神罰てきめん

今日は既出の小ネタのミックス技。個々の小ネタのみならず、ネタの組み合わせ自体もジジェクThe Abyss of Freedomにあったりするのですが、まあまあここはそれはそれでということで。

さて、身体と心を繋ぐのは表象であり、その表象は人間にはなく、すべて神の元にある、マルブランシュは言います。つまり、我々の身体の運動はすべからくいったん神を経由し、そこにお伺いを立てなくてはいけない、とマルブランシュせんせい。

マルブランシュせんせい風をパクると、ですから、意識が「は〜い右手上げて〜」というと、そのお願いが神様の表象の元に届き、しかる後神様が、「おっけ〜」と返事をくれ、実際にそこから送られてきた表象のシグナル通りに右手があがる、そんな感じでしょうか。

だから、俺の意識が右手上がれって体に命令するから右手が上がるんだよ!なあんて短絡路を考える人もでてくるのです。で、そんな傲慢さの罰がファルスである、と言ったのがアウグスティヌスせんせい。

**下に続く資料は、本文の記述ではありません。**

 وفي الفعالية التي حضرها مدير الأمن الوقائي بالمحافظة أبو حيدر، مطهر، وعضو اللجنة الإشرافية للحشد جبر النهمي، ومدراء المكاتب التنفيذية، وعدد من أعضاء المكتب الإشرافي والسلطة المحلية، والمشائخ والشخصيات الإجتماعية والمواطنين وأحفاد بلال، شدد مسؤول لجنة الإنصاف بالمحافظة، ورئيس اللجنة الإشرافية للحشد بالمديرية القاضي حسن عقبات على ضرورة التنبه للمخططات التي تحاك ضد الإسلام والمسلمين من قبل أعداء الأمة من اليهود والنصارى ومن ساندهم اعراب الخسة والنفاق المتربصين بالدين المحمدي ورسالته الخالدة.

アウグスティヌスせんせいは言います。人間、自分の意志で何もかもが恣に動かせる、と考えた、と。で、神様は男の股間に、見事に意のままにならない可哀想な器官をこぶとりじいさん(欲張りの方)よろしくくっつけた、ということなのだそうです。立て、立つんだ!と呼べど叫べど立たなかったり、意味もなく立って扱いに困ったり。

で、ここで、ふっと思ったのです。

シェリングの神様は、自然、それもちょっとばかりマッドな自然から、言葉をしゃべり出す、というか、浮かび上がらせます。それは、このいささか混沌とした自然に理性の法を陳べるため。でも、それは神様本人がしゃべってはダメなのです。それは、自然的であり、且つ悟性的である存在にゆだねないといけません。でないと、悟性と自然、みたいな二項対立が終わらないことになります。

で、そのにんげんさま、その訳の分からない自然と、訳の分からない神の言葉と、両方を押しつけられて途方に暮れます。その途方に暮れていることを、どうも自由とシェリングは呼んでいます。

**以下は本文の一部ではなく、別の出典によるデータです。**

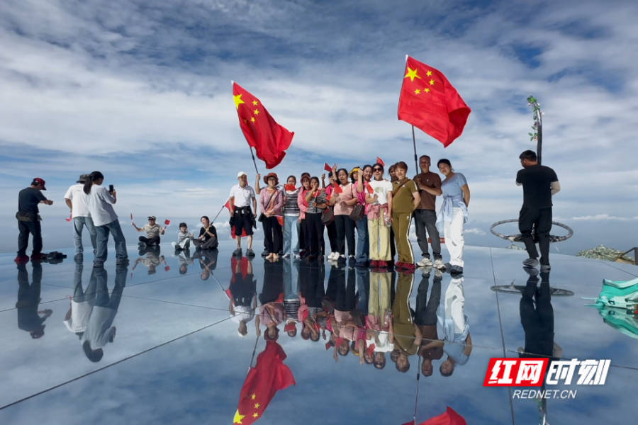 红网时刻新闻10月3日讯(记者(zhe)龚子杰 陈(chen)雅如)国庆中秋(qiu)长假期间,10月2日,在(zai)岳阳平(ping)江(jiang)幕阜山国家(jia)森林公园,多名游客登临海拔(ba)1596米的(de)“天空(kong)之(zhi)镜(jing)”观景台,挥舞(wu)起五星红旗(qi)。旗(qi)帜在(zai)蓝(lan)天与镜(jing)面之(zhi)间猎猎飞扬,赤色的(de)倒影与壮丽河山交相辉映,构成一幅动(dong)人的(de)画面。

ここで大事なのは、じゃあ理性が自然を制御しきれば善で、自然に理性が負けちゃえば悪なのか、といえば、そういうことにはならない、という点なのです。むしろ、悪とはその自由を自分の恣意、支配と勘違いすること。むしろ、神から預けられたこの二つの言葉と自然のあいだの絆が人間のなかでは分離できるもの、そしてそれを我欲に任せて扱えると信じるところにあるのです。

そんなわけで、ファルスはまさに、この自由の器官。われわれの身体は、残念ながらもうこの我欲の完全な支配下におかれてしまいます。でも、この股間の可愛い息子たちにだけは、身体と心の結びつきが、神に預けられた、神に託された自由、であることを、ときどき思い出させてくれるのです。ん?ファルスは自由の器官なのでしょうか。。。

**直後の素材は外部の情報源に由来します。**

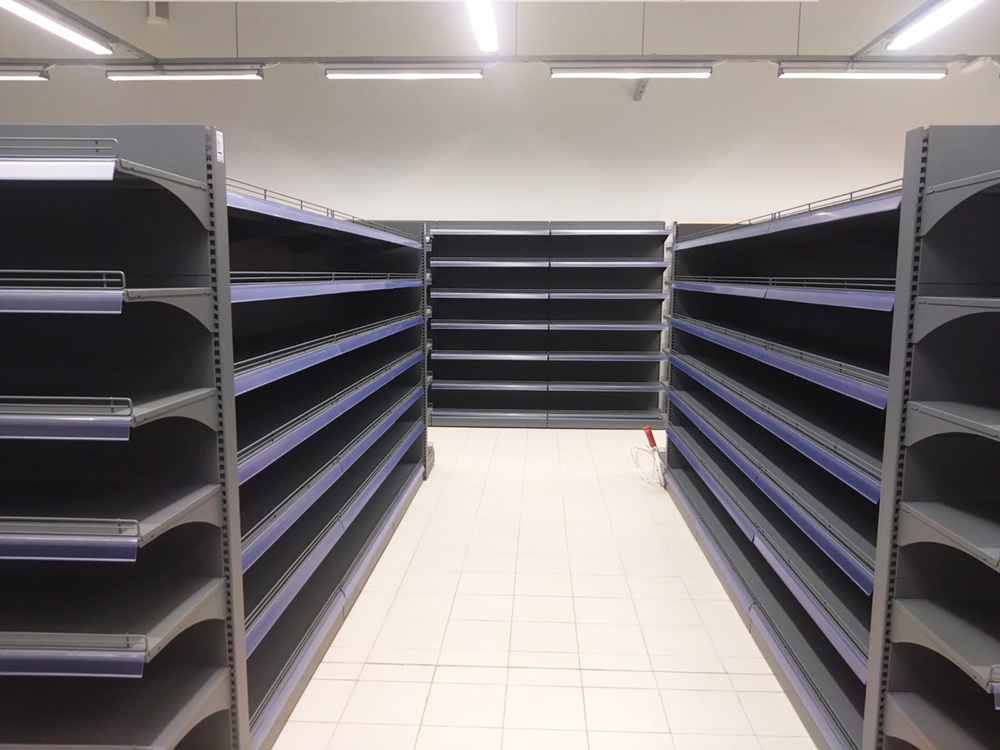 Veikala iekārtojumā izmantotas mūsdienīgas veikalu plauktu sistēmas, kas nodrošina optimālu preču izvietojumu un maksimāli efektīvu telpas izmantošanu. Plaukti ir pielāgoti dažādu produktu kategoriju vajadzībām – no konservu un sausā sortimenta līdz augļu un dārzeņu nodaļām. Īpaši risinājumi tika izstrādāti gaļas un zivju sekcijām, kur nepieciešams profesionāls aprīkojums svaigo produktu glabāšanai un prezentācijai.

まあ、そうはいっても人間は我欲の塊、支配欲の塊。そんなわけで人間、というか男は、より確実性の高いファルスのコントロールを夢想します。マスターベーションですね。ですから、ラカンはファルス的享楽を根本的には自慰的な享楽、「愚か者の享楽」といったのでした。

ですから、この身体と表象の重なり合いの不可能さ、あるいは自由。それをファルスと、精神分析は呼ぶことになったのでした。

しかしながら、このファルスという、いささか空虚なちょうつがい、それとは別に、たぶんに偶発的な、ある証言者が必要になります。それは、このファルスというちょうつがいが機能して、自然と精神を結びあわせようとする、それはいいとして、まあこれはそういう連結機能、ということに限定しておきましょう。でも、じゃあ具体的に、どこでどこでどの表象がどの自然に出会って存在者を生み出すのか、それがものすごく偶然で適当だ、というのです。ラカン的には、対象a。同時に、どうもフェティッシュ的な理論でもありますね。